Strategies and Activities for Teaching Social Communication Skills

** Social communication involves awareness of self and others. Pupils learn social skills through direct teaching by important others within meaningful interactions. For pupils with special needs, a lot of adult time may be required to develop these interactive skills.

The skills of social communication include:

  • joint (shared) attention
  • proximity
  • eye-gaze
  • facial expression
  • body language
  • prosody (volume, speed, tone of voice)
  • turn-taking

** A word of caution!

Dividing social communication into separate skills makes the process easier to map but in real-life the different areas interrelate, supporting the ebb and flow of social interaction. Helping pupils to understand the social meaning of each activity is equally, if not more, important than prompting pupils to use the skills. It will not be enough to simply teach the what - pupils will also need to understand the how, where and why of social communication, demonstrated within contexts
that are meaningful to them.

** Joint (shared) attention

‘I like my own agenda!’

Learning to share attention, wait, and take turns are important skills for developing interaction, from the give and take of early social play (lap games) to shared conversation. Joint attention is one of the single most difficult skills for many pupils with autism or social communication needs to master. Basic advice is set out below. Please refer to Attention and Listening section for more specific guidance.

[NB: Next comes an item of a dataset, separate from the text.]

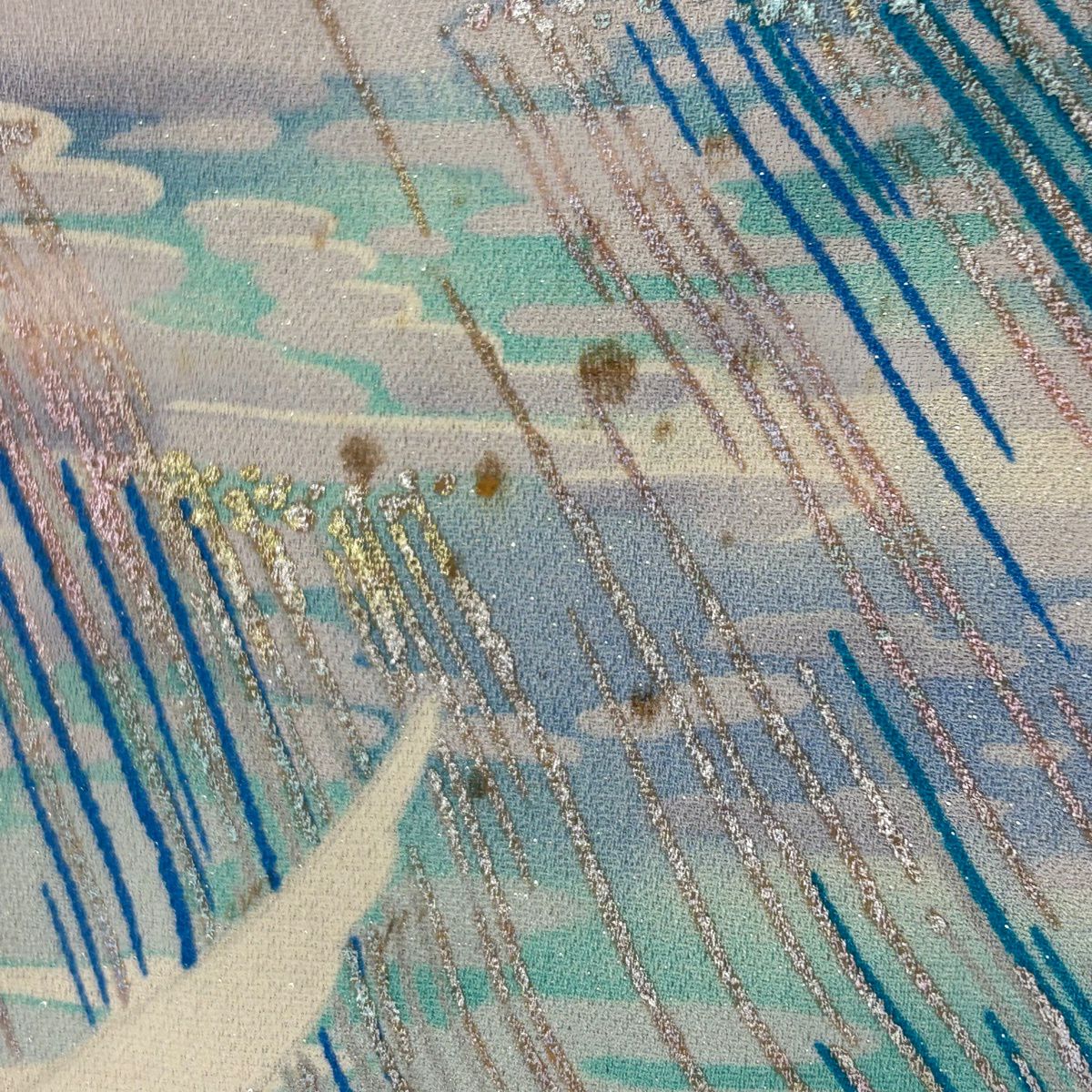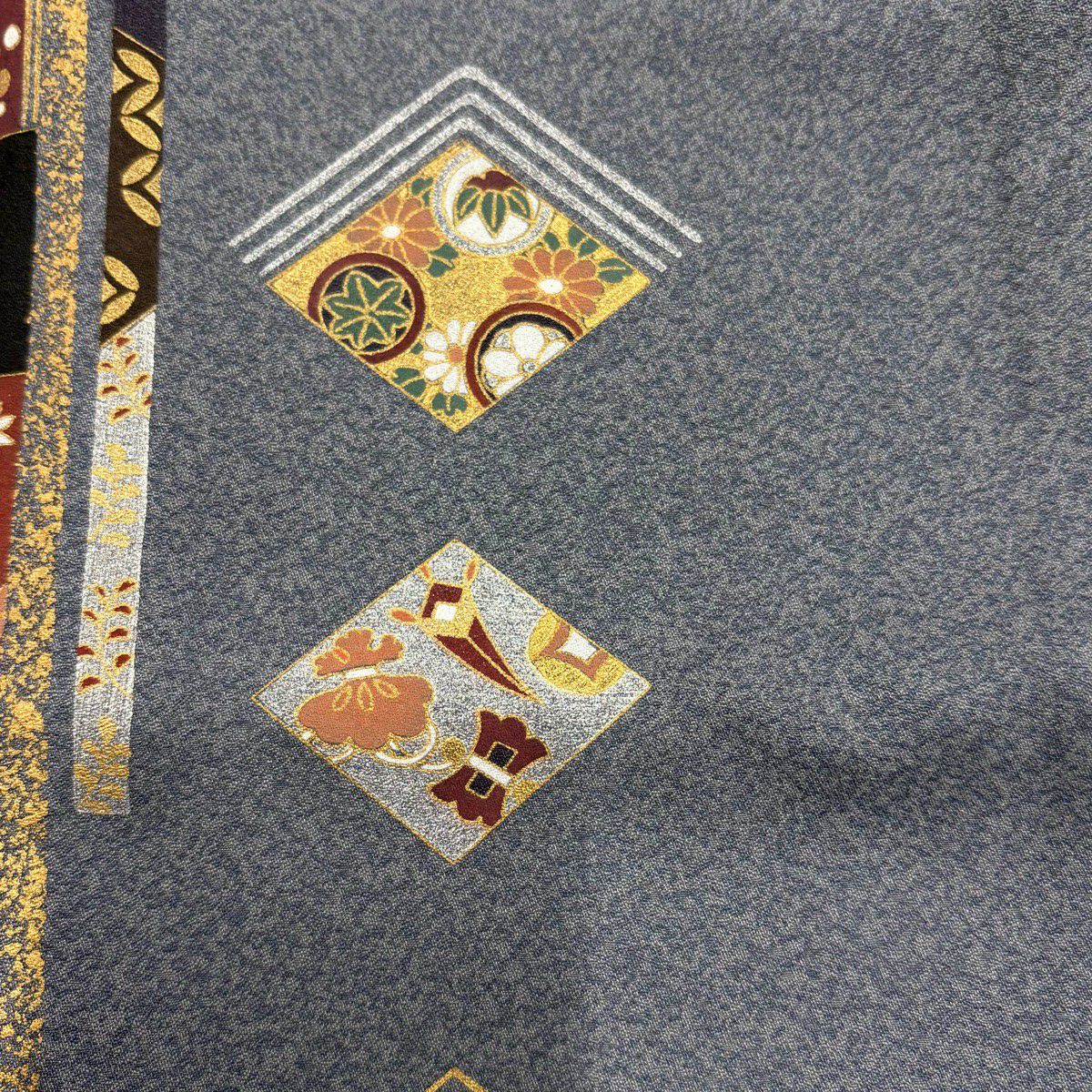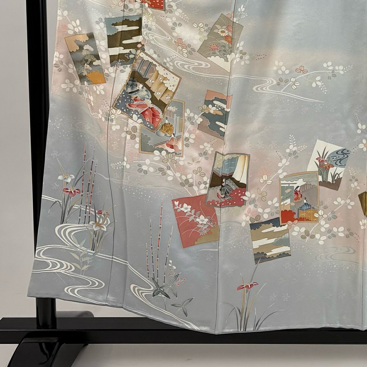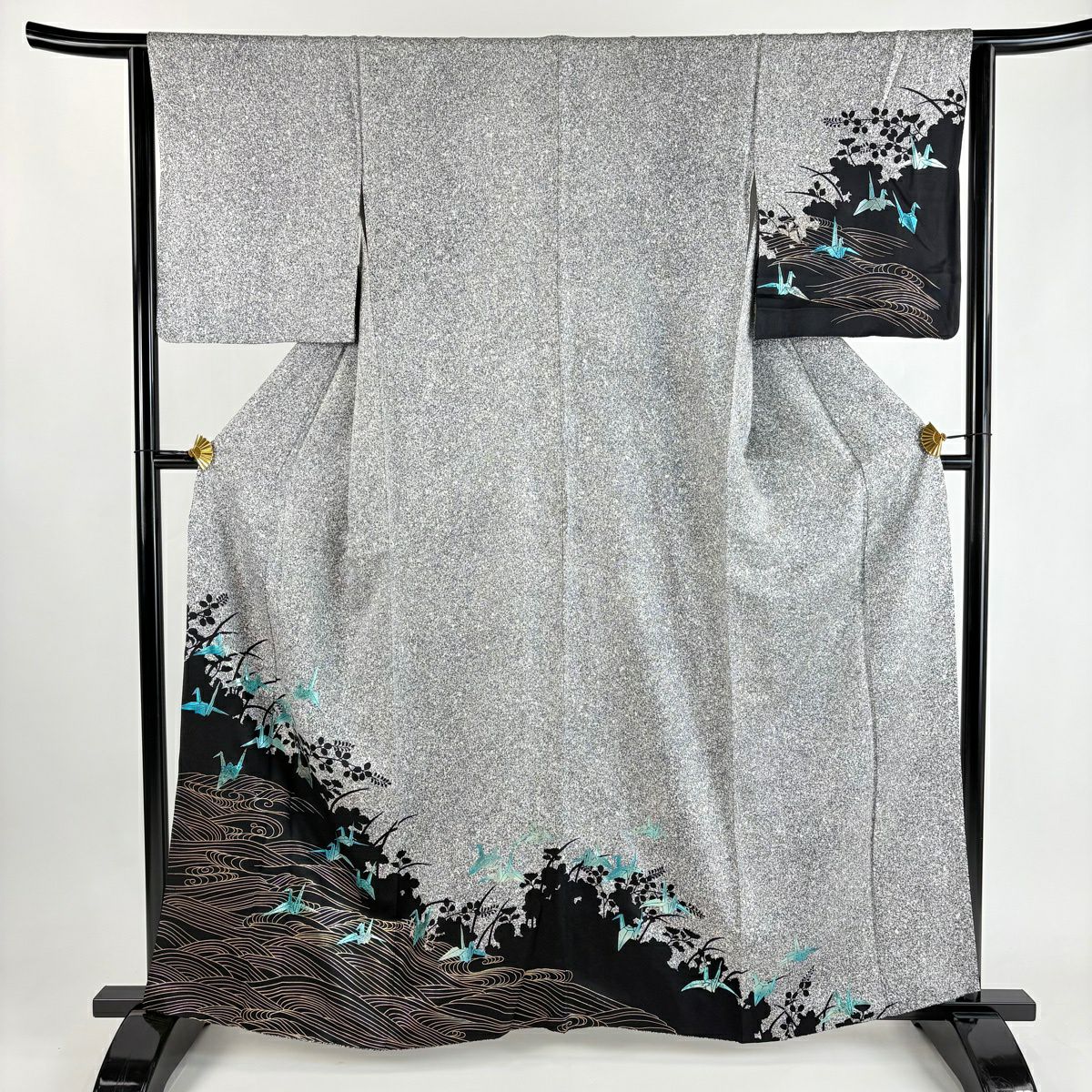 50%OFF 訪問着 身丈155.5cm 裄丈62cm S 袷 色紙 姫 金彩 金糸 青灰色 正絹 秀品 K50

  • Reduce the clutter. Have on view only what you want to work with.
  • Use visual means to help the pupil focus.
  • Start from where the pupil is at - join his focus of attention.
  • Keep body movements, facial expression, gesture and language to a minimum.
  • Use the pupil’s name first to attract his attention before you speak.
  • Speak slowly, using a calm, quiet voice an long pauses.
  • Keep social praise (e.g. Good singing!) until the pupil has completed the task. Praise part way through may distract.
  • Give the pupil extra time to process (to think, understand and respond).
  • Use Intensive Interaction strategies (See Appendix 1).

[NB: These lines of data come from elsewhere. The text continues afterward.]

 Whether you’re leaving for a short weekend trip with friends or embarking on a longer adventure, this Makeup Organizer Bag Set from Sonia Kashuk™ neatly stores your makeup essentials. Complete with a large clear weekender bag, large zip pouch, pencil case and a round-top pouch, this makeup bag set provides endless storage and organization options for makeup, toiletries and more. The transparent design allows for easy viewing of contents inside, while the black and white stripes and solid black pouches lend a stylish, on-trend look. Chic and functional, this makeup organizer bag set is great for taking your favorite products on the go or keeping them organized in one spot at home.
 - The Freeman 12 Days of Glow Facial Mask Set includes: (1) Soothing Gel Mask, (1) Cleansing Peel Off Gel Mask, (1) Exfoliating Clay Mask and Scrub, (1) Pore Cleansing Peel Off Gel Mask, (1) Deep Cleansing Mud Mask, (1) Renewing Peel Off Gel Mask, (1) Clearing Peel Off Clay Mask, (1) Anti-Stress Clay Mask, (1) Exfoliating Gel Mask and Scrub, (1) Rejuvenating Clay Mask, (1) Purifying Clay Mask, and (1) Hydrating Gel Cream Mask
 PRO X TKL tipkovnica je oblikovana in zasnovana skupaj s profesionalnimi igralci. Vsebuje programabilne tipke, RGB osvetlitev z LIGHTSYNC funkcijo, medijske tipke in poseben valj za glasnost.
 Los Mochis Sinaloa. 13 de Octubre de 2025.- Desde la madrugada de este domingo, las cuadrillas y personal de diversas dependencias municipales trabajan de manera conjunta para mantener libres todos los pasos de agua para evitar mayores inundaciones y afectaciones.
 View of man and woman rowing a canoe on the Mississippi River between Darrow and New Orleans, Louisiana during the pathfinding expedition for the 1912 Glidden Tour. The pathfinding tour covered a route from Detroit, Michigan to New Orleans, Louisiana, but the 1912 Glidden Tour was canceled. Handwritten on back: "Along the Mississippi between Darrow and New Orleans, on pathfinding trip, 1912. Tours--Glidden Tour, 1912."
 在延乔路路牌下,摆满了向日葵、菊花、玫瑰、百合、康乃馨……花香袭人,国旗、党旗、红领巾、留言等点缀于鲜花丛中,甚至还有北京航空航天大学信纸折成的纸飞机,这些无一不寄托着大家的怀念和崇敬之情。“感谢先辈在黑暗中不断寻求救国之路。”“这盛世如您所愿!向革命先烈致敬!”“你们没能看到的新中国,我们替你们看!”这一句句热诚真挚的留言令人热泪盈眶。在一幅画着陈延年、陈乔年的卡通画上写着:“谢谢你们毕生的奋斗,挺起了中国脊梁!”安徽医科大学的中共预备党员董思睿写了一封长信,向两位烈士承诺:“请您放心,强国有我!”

** Proximity (personal space)

‘Respect my space!’

Pupils with social communication difficulties may feel very uncomfortable when others are within their personal space.

  • Be aware of the pupil’s tolerance of the proximity of others - stay outside their personal space. For staff and pupils: if unsure, maintain an arm’s length distance.
  • Sensory issues matter here. Find out if the pupil is sensitive to bright colours, light, sound, smells, touch, movement. If so, you will need to accommodate these sensory differences in order to work alongside the pupil.
  • Discuss who it is/isn’t appropriate to: say hello to, shake hands with, kiss, cuddle, hold hands with etc. Teach socially acceptable alternatives. Gently redirect over-familiar behaviour e.g. prompt to shake hands instead of hugging as a greeting.

** Eye gaze

‘I will look at you when I feel secure and confident!’

Good timing of eye contact is important for social interaction and communication.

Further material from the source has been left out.